If this association is formed, and the association or idea with
which it has been formed occurs; the sensation, or idea, calls up
the remembrance; and the object of him who formed the
association is attained. To use a vulgar instance: a man receives
a commission from his friend, and, that he may not forget it,
ties a knot in his handkerchief. How is this fact to be explained?
First of all, the idea of the commission is associated with the
making of the knot. Next, the handkerchief is a thing which it is
known beforehand will be frequently seen, and of course at no
great distance of time from the occasion on which the memory
is desired. The handkerchief being seen, the knot is seen, and
this sensation recalls the idea of the commission, between
which and itself the association had been purposely formed."
[581]
The remembered fact being n, then, the path N—O is what arouses
for n its setting when it is recalled, and makes it other than a mere
imagination. The path M—N, on the other hand, gives the cue or
occasion of its being recalled at all. Memory being this altogether
conditioned on brain-paths, its excellence in a given individual will
depend partly on the number and partly on the persistence of these
paths.
The persistence or permanence of the paths is a physiological
property of the brain-tissue of the individual, whilst their number is
altogether due to the facts of his mental experience. Let the quality
of permanence in the paths be called the native tenacity, or
physiological retentiveness. This tenacity differs enormously from
infancy to old age, and from one person to another. Some minds are
like wax under a seal—no impression, however disconnected with
others, is wiped out. Others, like a jelly, vibrate to every touch, but
under usual conditions retain no permanent mark. These latter
minds, before they can recollect a fact, must weave it into their
permanent stores of knowledge. They have no desultory memory.

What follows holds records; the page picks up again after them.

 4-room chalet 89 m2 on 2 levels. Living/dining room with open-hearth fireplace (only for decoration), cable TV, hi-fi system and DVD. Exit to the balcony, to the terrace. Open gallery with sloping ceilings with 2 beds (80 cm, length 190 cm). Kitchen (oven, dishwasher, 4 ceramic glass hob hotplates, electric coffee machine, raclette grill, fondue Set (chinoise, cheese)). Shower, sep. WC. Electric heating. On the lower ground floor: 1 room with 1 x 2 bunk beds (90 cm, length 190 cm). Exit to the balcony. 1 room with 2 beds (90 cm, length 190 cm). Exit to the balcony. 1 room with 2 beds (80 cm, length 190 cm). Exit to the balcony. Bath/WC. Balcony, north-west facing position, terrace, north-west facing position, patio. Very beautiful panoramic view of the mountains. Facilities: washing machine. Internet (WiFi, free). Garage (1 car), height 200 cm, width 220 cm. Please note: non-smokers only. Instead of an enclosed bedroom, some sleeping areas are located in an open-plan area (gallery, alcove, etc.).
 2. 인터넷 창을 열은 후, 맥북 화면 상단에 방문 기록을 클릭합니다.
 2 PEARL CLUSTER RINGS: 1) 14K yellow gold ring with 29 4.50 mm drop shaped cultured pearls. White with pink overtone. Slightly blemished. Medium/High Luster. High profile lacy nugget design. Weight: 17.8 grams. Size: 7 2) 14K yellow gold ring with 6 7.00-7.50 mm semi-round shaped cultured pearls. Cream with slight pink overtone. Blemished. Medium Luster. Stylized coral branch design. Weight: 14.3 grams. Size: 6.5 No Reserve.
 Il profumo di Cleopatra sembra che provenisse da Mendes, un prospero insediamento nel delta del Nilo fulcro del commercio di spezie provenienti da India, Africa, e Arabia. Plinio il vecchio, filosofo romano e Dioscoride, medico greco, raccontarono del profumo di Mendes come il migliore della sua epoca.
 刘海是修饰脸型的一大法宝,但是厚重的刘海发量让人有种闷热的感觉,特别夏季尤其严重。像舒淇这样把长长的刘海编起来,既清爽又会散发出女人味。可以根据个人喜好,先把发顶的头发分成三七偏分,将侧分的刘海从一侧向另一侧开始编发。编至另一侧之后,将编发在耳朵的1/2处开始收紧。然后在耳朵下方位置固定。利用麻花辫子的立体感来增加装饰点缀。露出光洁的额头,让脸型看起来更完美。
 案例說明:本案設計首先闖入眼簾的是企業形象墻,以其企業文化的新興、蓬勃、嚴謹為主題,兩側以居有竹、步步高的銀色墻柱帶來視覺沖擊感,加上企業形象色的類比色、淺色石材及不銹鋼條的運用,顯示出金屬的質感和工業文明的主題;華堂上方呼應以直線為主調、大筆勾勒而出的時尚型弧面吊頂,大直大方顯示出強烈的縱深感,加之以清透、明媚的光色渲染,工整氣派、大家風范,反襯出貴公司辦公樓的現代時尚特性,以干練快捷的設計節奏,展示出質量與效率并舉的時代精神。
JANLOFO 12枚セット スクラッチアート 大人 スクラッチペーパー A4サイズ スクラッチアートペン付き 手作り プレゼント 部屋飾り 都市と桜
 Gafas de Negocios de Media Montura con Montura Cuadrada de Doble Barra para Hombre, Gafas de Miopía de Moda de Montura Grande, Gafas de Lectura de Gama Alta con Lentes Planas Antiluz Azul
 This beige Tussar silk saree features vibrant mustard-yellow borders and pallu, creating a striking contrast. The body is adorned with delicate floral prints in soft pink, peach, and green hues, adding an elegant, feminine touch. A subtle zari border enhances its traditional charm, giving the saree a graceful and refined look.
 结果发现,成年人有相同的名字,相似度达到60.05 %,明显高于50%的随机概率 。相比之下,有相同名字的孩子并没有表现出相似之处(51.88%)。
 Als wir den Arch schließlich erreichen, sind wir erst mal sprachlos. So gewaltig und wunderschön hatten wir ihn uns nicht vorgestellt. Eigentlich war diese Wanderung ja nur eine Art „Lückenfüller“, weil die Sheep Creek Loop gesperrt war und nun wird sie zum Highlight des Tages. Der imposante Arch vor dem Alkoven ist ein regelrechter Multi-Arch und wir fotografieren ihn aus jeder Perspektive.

Those persons, on the contrary, who retain names, dates and
addresses, anecdotes, gossip, poetry, quotations, and all sorts of
miscellaneous facts, without an effort, have desultory memory in a
high degree, and certainly owe it to the unusual tenacity of their
brain-substance for any path once formed therein. No one probably
was ever effective on a voluminous scale without a high degree of
this physiological retentiveness. In the practical as in the theoretic
life, the man whose acquisitions stick is the man who is always
achieving and advancing, whilst his neighbors, spending most of
their time in relearning what they once knew but have forgotten,
simply hold their own. A Charlemagne, a Luther, a Leibnitz, a Walter
Scott, any example, in short, of your quarto or folio editions of
mankind, must needs have amazing retentiveness of the purely
physiological sort. Men without this retentiveness may excel in the
quality of their work at this point or at that, but will never do such
mighty sums of it, or be influential contemporaneously on such a
scale.[585]
But there comes a time of life for all of us when we can do no more
than hold our own in the way of acquisitions, when the old paths
fade as fast as the new ones form in our brain, and when we forget
in a week quite as much as we can learn in the same space of time.
This equilibrium may last many, many years. In extreme old age it is
upset in the reverse direction, and forgetting prevails over
acquisition or rather there is no acquisition. Brain-paths are so
transient that in the course of a few minutes of conversation the
same question is asked and its answer forgotten half a dozen times.
Then the superior tenacity of the paths formed in childhood
becomes manifest: the dotard will retrace the facts of his earlier
years after he has lost all those of later date.